Un classement chronologique des écrits de Saint-Simon conduirait à penser que de 1803 à 1816 il s’est intéressé aux sciences et à la philosophie, puis de 1816 à 1825 aux ques­tions politiques et sociales. En fait on ne peut ainsi dissocier la pensée de Saint-Simon et il y a une interdépendance étroite entre sa philosophie et ce que nous appellerions maintenant sa sociologie. Dans son Mémoire sur la Science de l’homme (1813), il insiste sur le fait que tout système de politique géné­rale n’est qu’une application du système des idées. La philo­sophie ne doit pas être simple curiosité d’esprit, elle doit avoir un but pratique : elle est la science générale dont les sciences particulières ne sont que des éléments et tout régime social est une application d’un système philosophique (L’Industrie 1816-1818).

Lithographie de Comte par Hoffmeister

Certaines sciences ont déjà acquis un caractère positif : il faut que la science de l’homme, elle aussi, arrive au positif. Nous avons actuellement des spécialistes, savants dans une science déterminée, mais ignorant la science de l’homme. S’adressant dans son Mémoire de 1913 aux astronomes, physi­ciens et chimistes, Saint-Simon s’écrie : Toute l’Europe s’égorge, que faites-vous pour arrêter cette boucherie ? Rien (...) Que faites-vous, encore une fois, pour rétablir la paix ? Rien. Que pouvez-vous faire ? Rien. La connaissance de l’homme est la seule qui puisse conduire à la découverte des moyens de concilier les intérêts des peuples et vous n’étudiez point cette science. On ne peut rien demander non plus aux théologiens, métaphysiciens et légistes : ils ignorent tout de l’économie, de la production, de l’industrie, ou leurs connaissances sont superficielles. Une science nouvelle doit naître et devenir posi­tive : la science de l’homme, la physiologie sociale (le terme de sociologie a été créé par Auguste Comte). Cette science de l’homme est d’ailleurs bien différente de ces sciences humaines qui tentent, aujourd’hui, avec plus ou moins de bonheur, d’opérer une synthèse hasardeuse entre des sciences aux fron­tières incertaines. Cette physiologie sociale devra être traitée par les méthodes propres aux sciences physiques. Son objet sera l’être social qui n’est point une simple agglomération d’êtres vivants, mais une véritable machine organisée. La morale et la politique s’intègrent dans cette physiologie sociale et devront donc devenir des sciences positives.

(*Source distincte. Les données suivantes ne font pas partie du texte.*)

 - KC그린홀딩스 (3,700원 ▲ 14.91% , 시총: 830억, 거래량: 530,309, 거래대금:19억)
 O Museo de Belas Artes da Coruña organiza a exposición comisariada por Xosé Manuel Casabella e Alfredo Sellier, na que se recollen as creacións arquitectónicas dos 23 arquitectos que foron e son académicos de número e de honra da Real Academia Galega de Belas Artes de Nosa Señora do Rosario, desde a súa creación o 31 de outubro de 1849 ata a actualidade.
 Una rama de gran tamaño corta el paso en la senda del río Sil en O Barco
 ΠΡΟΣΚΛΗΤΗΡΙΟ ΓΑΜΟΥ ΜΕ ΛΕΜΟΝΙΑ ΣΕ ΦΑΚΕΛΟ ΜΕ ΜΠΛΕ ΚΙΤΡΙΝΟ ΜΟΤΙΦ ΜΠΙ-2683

Pour comprendre l’organisation sociale, il faut étudier les diverses étapes de son développement historique, les relier les unes aux autres et mettre en évidence la loi suprême du progrès de l’esprit humain dont les hommes ne sont que les instruments. La connaissance de cette loi permettra de traiter la politique scientifiquement, car du passé bien observé on peut déduire l’avenir. La science de l’homme ne tend pas à démon­trer l’existence d’un progrès continu et indéfini, mais à étudier, dans leur succession, les divers types d’organisation sociale. Saint-Simon pense même que certaines sociétés peuvent passer par un apogée, puis décliner et mourir. On songe à la thèse de Spengler sur le déclin des cultures arrivées au stade de civili­sation, ainsi qu’au mot de Valéry : les civilisations sont mortelles.

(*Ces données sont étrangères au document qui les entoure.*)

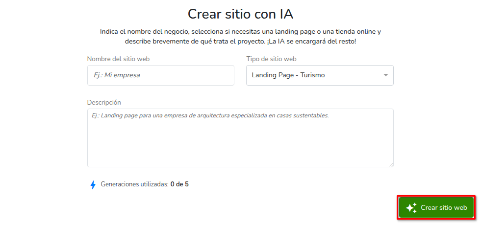 Crear sitio con IA
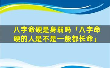 因此,八字命硬并不一定代表身弱命硬。的,人。可。能是身旺的也可能是 🕷 身弱的需要结合八字整体格局来判断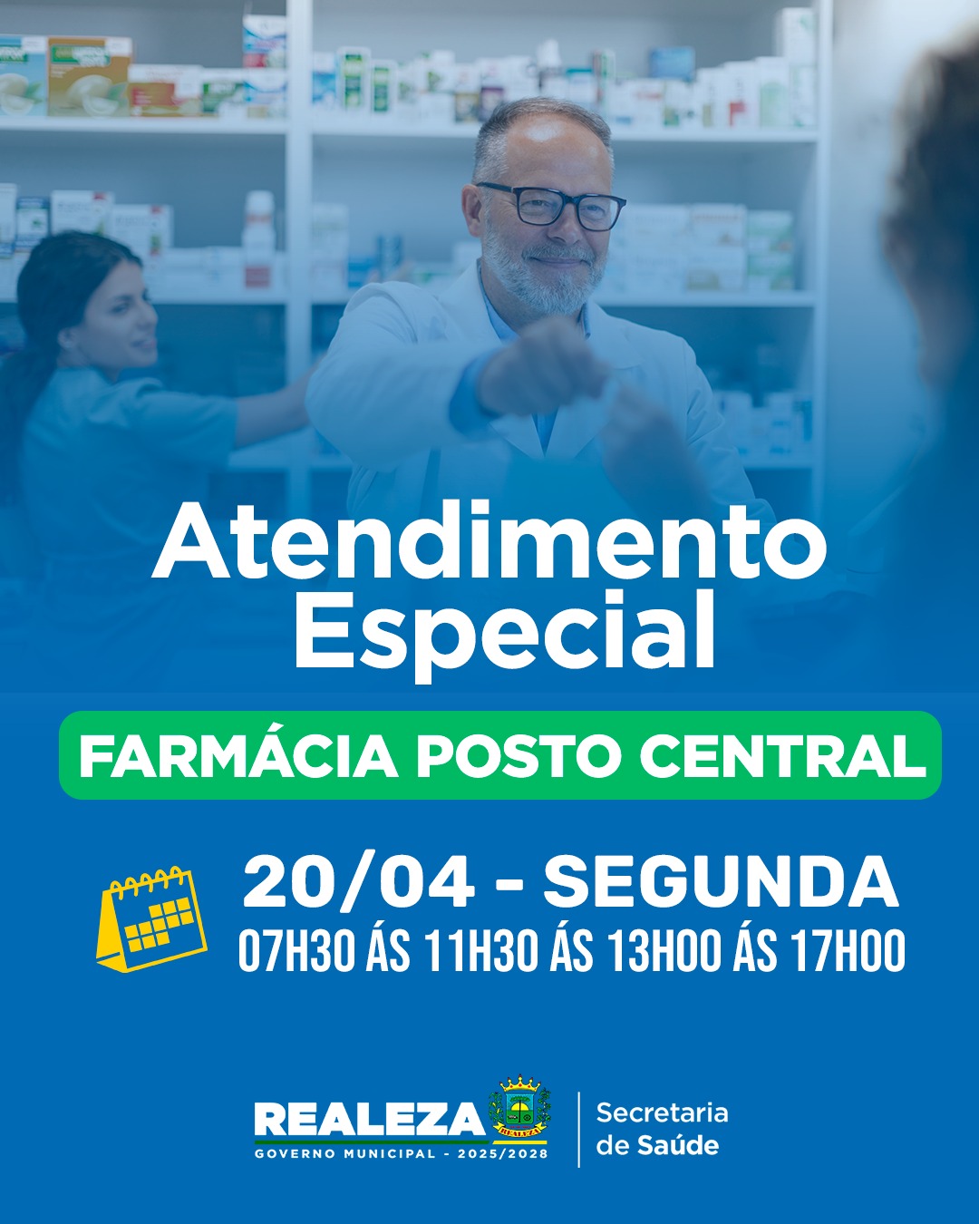 A população de Realeza contará com atendimento especial na Farmácia Posto Central na próxima segunda-feira, dia 20 de abril....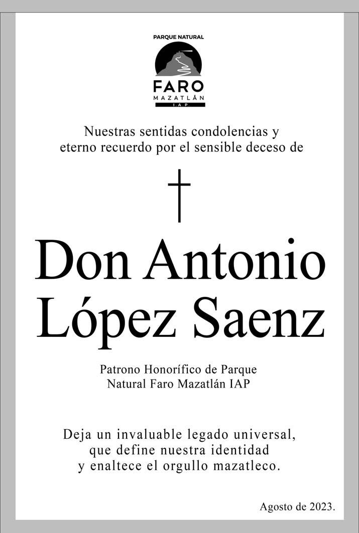 “Lamentamos mucho en Venados la muerte de nuestro gran amigo, e ícono de Mazatlán, Antonio López Sáenz, para Venados y para la comunidad mazatleca es una tristeza el deceso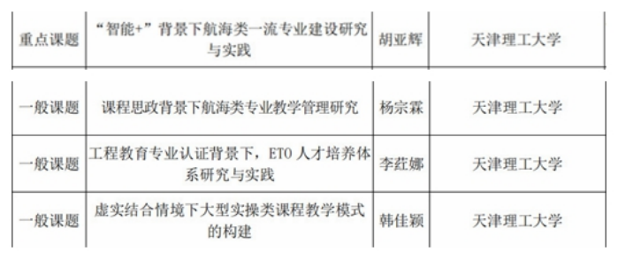 近日,中国交通教育研究会发布了《关于公布中国交通教育研究会2020-2022年度交通教育科学研究课题立项评审结果的通知》。海运学院4项课题获批立项。其中,重点课题1项,一般课题3项。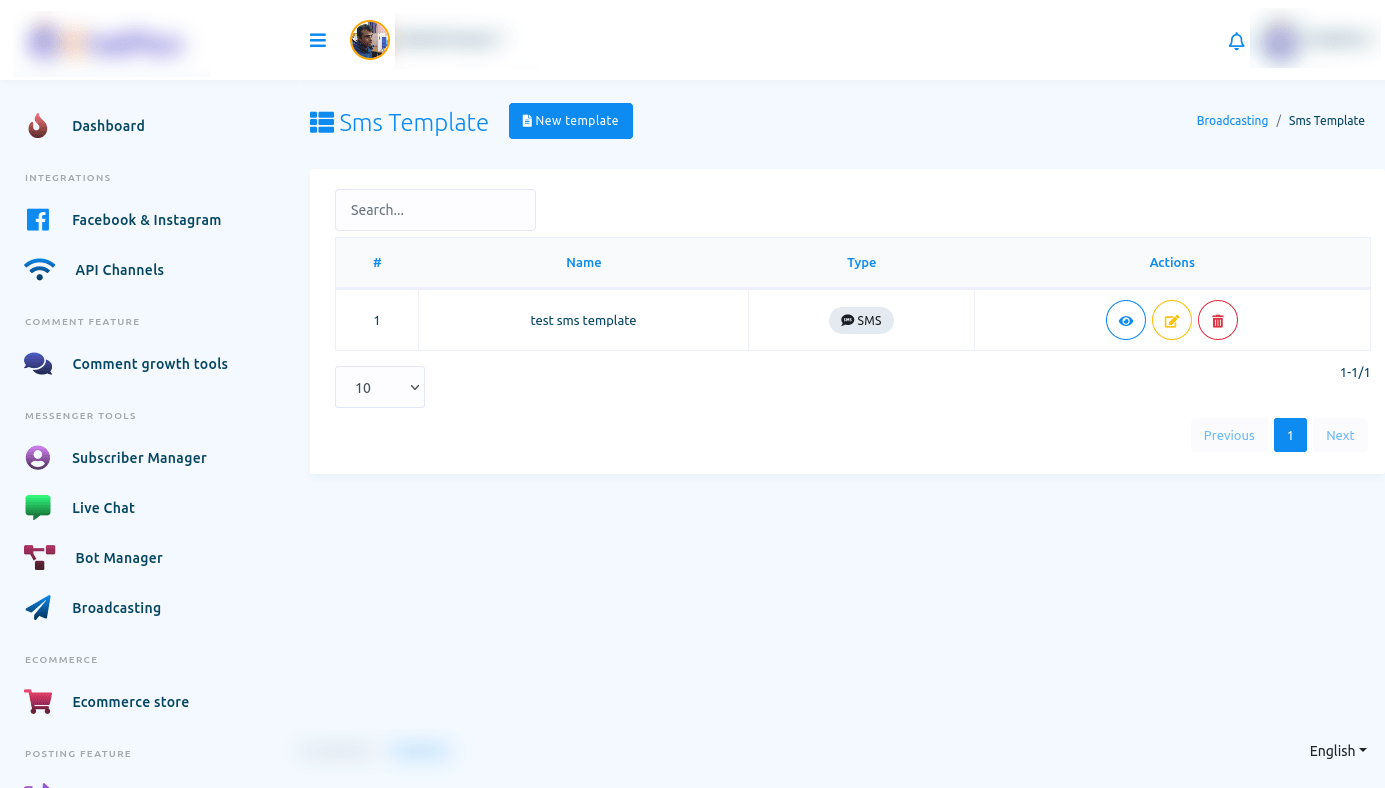 And instantly, a page called SMS template with a button called New template will appear. Click on the New template button.

Saint-Simon apparaît ainsi, avant Auguste Comte, comme le fondateur de cette philosophie positive qui se propose d’organiser les sciences en utilisant leurs méthodes ; il est le premier à avoir voulu faire entrer dans le cercle fermé des sciences positives, une nouvelle science : la physiologie sociale (la sociologie), en montrant qu’elle devrait être traitée par les méthodes des autres sciences.